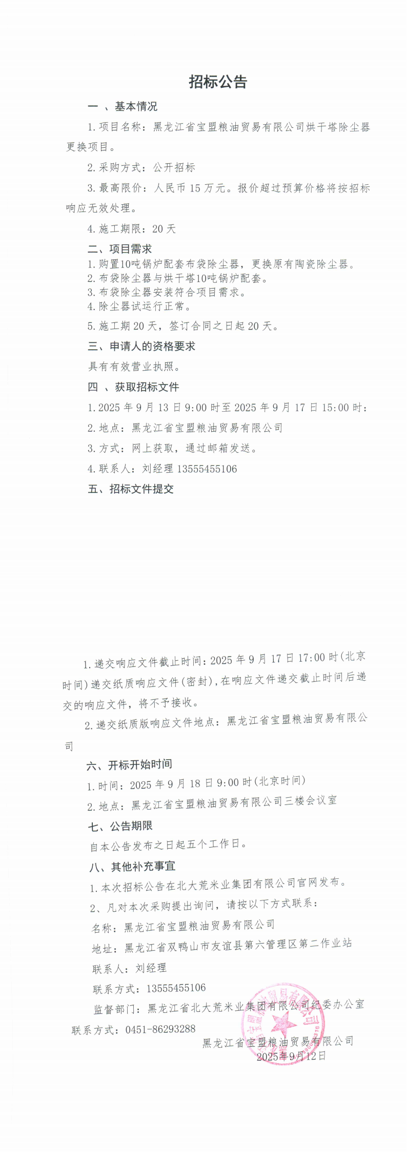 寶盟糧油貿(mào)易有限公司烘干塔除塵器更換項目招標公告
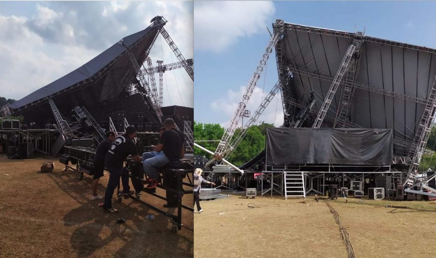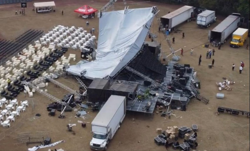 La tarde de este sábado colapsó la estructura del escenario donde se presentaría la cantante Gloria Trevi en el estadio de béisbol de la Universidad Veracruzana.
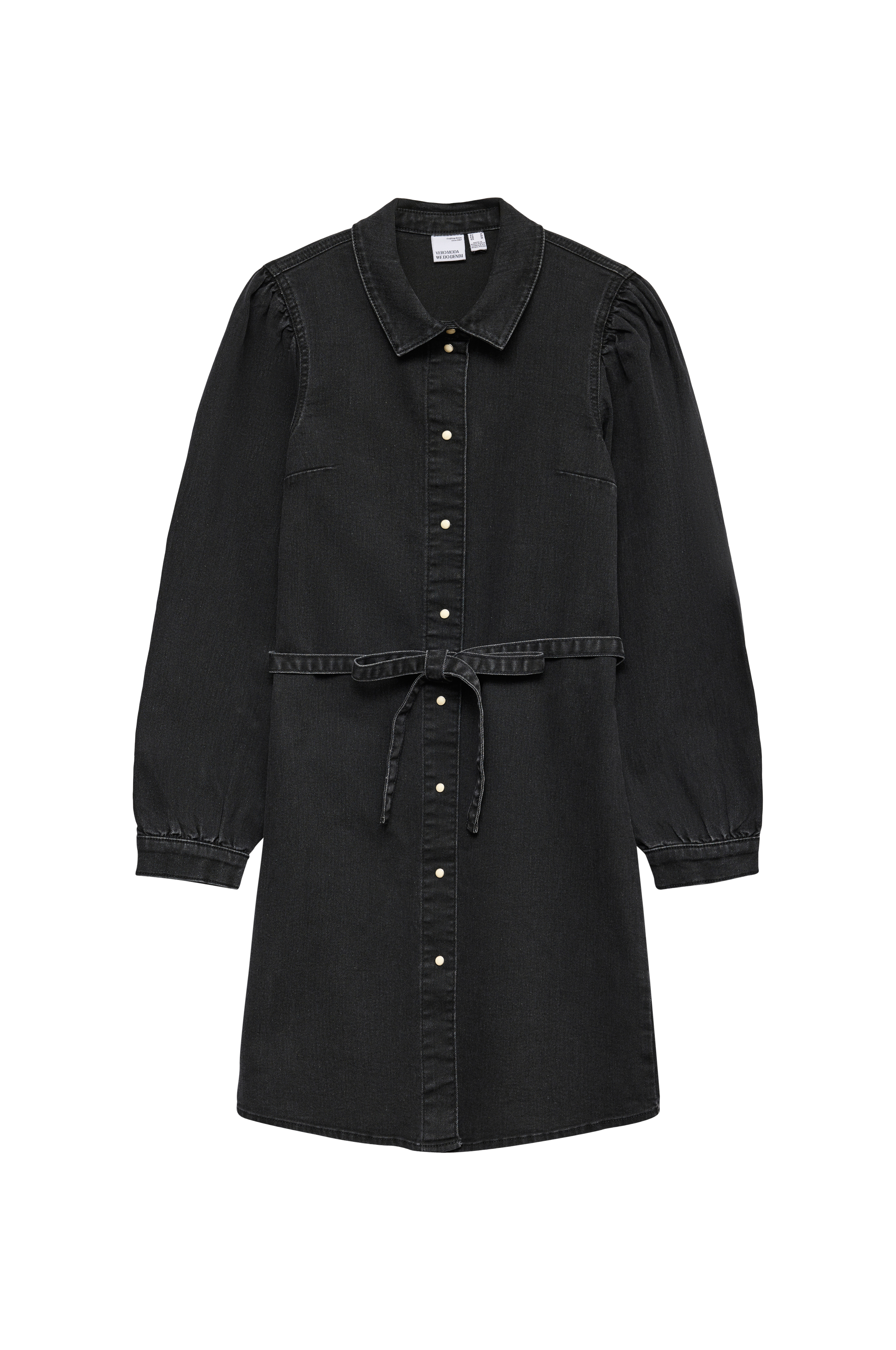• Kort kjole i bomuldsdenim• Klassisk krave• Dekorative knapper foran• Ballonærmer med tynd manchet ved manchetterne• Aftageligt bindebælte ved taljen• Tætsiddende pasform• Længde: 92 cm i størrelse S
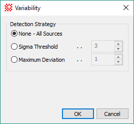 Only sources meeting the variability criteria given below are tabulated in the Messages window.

**PROBLEM:** Only one thing is wanted here, an exact copy of the lines from the first line above through the line containing "La tarde de", minus any picture.

**RESULT OF THE EXERCISE:**
 寶盟糧油貿(mào)易有限公司烘干塔除塵器更換項目招標公告
 La tarde de este sábado colapsó la estructura del escenario donde se presentaría la cantante Gloria Trevi en el estadio de béisbol de la Universidad Veracruzana.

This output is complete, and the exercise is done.